Quantum Phase Transition in the Finite Jaynes-Cummings Lattice Systems

Phase transitions are commonly held to occur only in the thermodynamical limit of a large number of system components. Here, we exemplify at the hand of the exactly solvable Jaynes-Cummings (JC) model and its generalization to finite JC lattices that finite component systems of coupled spins and bosons may exhibit quantum phase transitions (QPTs). For the JC model we find a continuous symmetry-breaking QPT, a photonic condensate with a macroscopic occupation as the ground state, and a Goldstone mode as a low-energy excitation. For the two site JC lattice we show analytically that it undergoes a Mott-insulator to superfluid QPT. We identify as the underlying principle of the emergence of finite system QPTs the combination of increasing atomic energy and increasing interaction strength between the atom and the bosonic mode, which allows for the exploration of an increasingly large portion of the infinite dimensional Hilbert space of the bosonic mode. This suggests that finite system phase transitions will be present in a broad range of physical systems.

Figure 1

Analytic solution of the JC model. (a) Level crossings for the ground state for a frequency ratio $\eta =10$. (b) An effective potential $V_{\mathrm{eff}}^{\eta ,g}$ for $g=0.8$ (dashed) and $g=1.2$ (solid) for different values of $\eta =10$ and 100. (c) The total number of excitation of the ground state.

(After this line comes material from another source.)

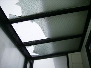 雪害復旧工事 風除室ガラス修繕、屋根、外壁一部修繕 など

As $\eta$ increases, the change near $g=1$ becomes progressively sharper, which is well described by $n_{\mathrm{sp}}(g)=\eta (g^2-g^{-2})/4$ (solid).

Figure 2

QPT of the JC model. The excitation energy $\epsilon (g)$ (left, blue solid) and the ground state coherence $⟨a⟩/\eta$ of the cavity field (right, red dashed) in the $\eta \to \infty$ limit. For $g>1$, the $U(1)$ symmetry of the JC model is broken, leading to a Goldstone mode and a nonzero coherence.

Figure 3

JC lattice model. (a) Phase diagram in the $(g,J)$ plane. (b) Excitation energy of the antisymmetric ($b_1$) and symmetric ($b_2$) normal mode as a function of $g$ for $J/{\omega }_0=0.1$. At the critical point, where the $b_1$ mode becomes the Goldstone mode, the first derivative of the excitation energy of the $b_2$ mode becomes discontinuous.